# Beehive hard to get to



## WhatRnsdownhill (Jan 13, 2016)

what kind of bees? yellow jackets or honeybees?


----------



## joecaption (Nov 30, 2011)

Any wasp spray should be able to hit a nest 12' away.
Unless it's enclosed a gas is useless.


----------



## noquacks (Jun 5, 2010)

They are not yellow jackets or wasps - probably honey bees. Nest is completely hidden.


----------



## WhatRnsdownhill (Jan 13, 2016)

there are a ton of bee keepers that will come get honey bees for free...if you have any in the area tell them to come take a look..


----------



## Bud9051 (Nov 11, 2015)

Tough to see them this time of year, but if truly honey bees there is a shortage of them so as What said, see if you can save them.

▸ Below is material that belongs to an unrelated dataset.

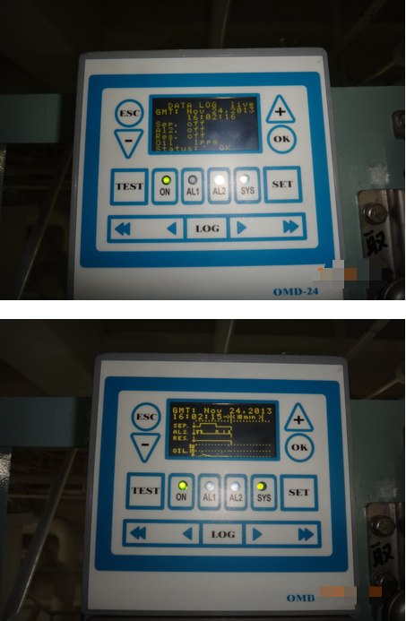 1.在OMD操作面板按“LOG”按钮,首次按下显示文字形式的记录,按左右翻页键可查看历史警报及运行记录;

If it comes to exterminating them, I used a 10' length of 3/4" pvc and improvised a length of plastic tube on both ends One end was to fit the end of my compressed air nozzle and the other to accelerate the dust. I cut a small hole about 4" up from the bottom and split a 2" piece of the same pvc to fit over the hole allowing me to slide it open to add some 7 dust. Worked it into the area I couldn't see and blasted away. Next day no more wasps. You can adjust the length as needed and apply as many shots as required. The 7 dust works well and has a short life span so you aren't contaminating an area. Not a bug expert, just a successful onetime exterminator.

Bud


----------



## SeniorSitizen (Sep 10, 2012)

Typical place for Bumblebees.


----------



## r0ckstarr (Jan 8, 2013)

Honey-bee's? Call a beekeeper. 
Wasps? Burn the shed to the ground. :laughing:


----------